**Your instructions:** Copy out the lines beginning with the one that contains "2019年9月13日(金)、" and ending with the last line below, exactly as they stand. Pictures are not copied.

**The data:**

= Beginning of Section =

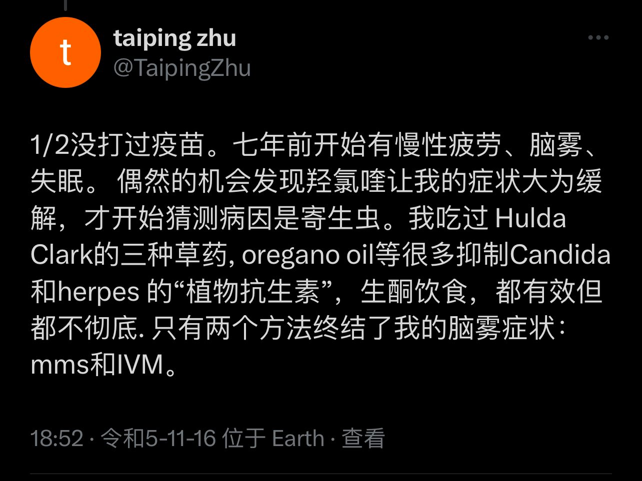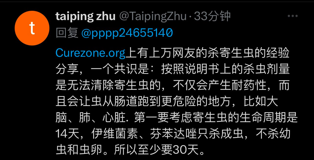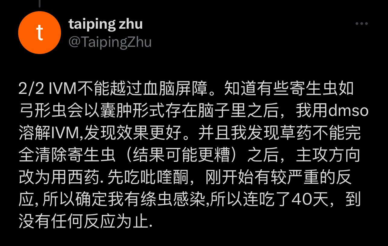 伊维菌素 治疗方案 脑雾、慢性疲劳、失眠等症状有可能体内多寄生虫,伊维菌素芬苯达唑用药参考 By CCHK 2024 年 1 月 20 日 Search Search for: CTA Title CTA Content Follow Us Join Our Community 重要!!!看一下这位推友的经验: 如果体内有很多寄生虫,按说明书来,只吃四颗伊维菌素是不够的,需要多疗程 该推友的症状是脑雾、慢性疲劳、失眠通过多疗程多管齐下的杀虫治疗,大为改善看来吃多少还是得因人而异,不过进一步证明了处理寄生虫问题的必要性. Read Also: 正在发生 疫苗信任危机:公众觉醒推... Technology The Ultimate... 综合分享 绝对计数:T淋巴细胞亚群... Sports Interview wi... 病案更新 问:27岁(女),四针疫... Politics Technologica... 伊维菌素 罗伯特·F·肯尼迪三世任... Post Activity 24302 Share this post 0% Back to Top
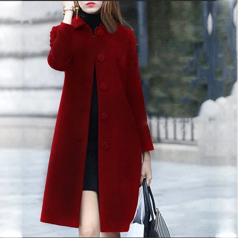 Cappotto di lana con bottoni solidi britannici di nuova moda Giacche a maniche lunghe da donna Donna Elegante abito slim tascabile Mujer
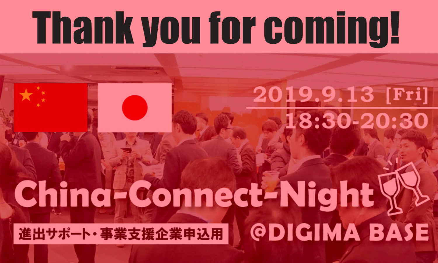 2019年9月13日(金)、「Digima〜出島〜」の運営する海外ビジネスコミュニティ「DIGIMA BASE」にて『China-Connect-Night<中華圏進出を検討してい...
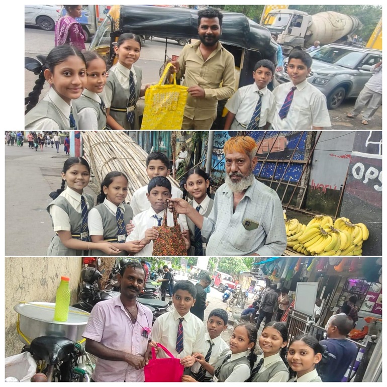 We also collaborated with Chembur English High school and conducted a slew of activities on the theme – “Say No to Plastic“. The celebration aimed to educate students about the harmful effects of plastic and encourage the use of eco-friendly alternatives. Some of the activities were – essay writing, poster making, making of cloth bags and distributing among vegetable vendors who were most happy with the gesture. Another exciting activity was ‘Best Out of Waste’ – using wrappers to make a pen holder, wall hanging, pouches etc. The students created innovative posters and products advocating for a plastic-free world, effectively spreading the message of sustainability.

= End of Section =

**Response for this exercise:**
 2019年9月13日(金)、「Digima〜出島〜」の運営する海外ビジネスコミュニティ「DIGIMA BASE」にて『China-Connect-Night<中華圏進出を検討してい...
 We also collaborated with Chembur English High school and conducted a slew of activities on the theme – “Say No to Plastic“. The celebration aimed to educate students about the harmful effects of plastic and encourage the use of eco-friendly alternatives. Some of the activities were – essay writing, poster making, making of cloth bags and distributing among vegetable vendors who were most happy with the gesture. Another exciting activity was ‘Best Out of Waste’ – using wrappers to make a pen holder, wall hanging, pouches etc. The students created innovative posters and products advocating for a plastic-free world, effectively spreading the message of sustainability.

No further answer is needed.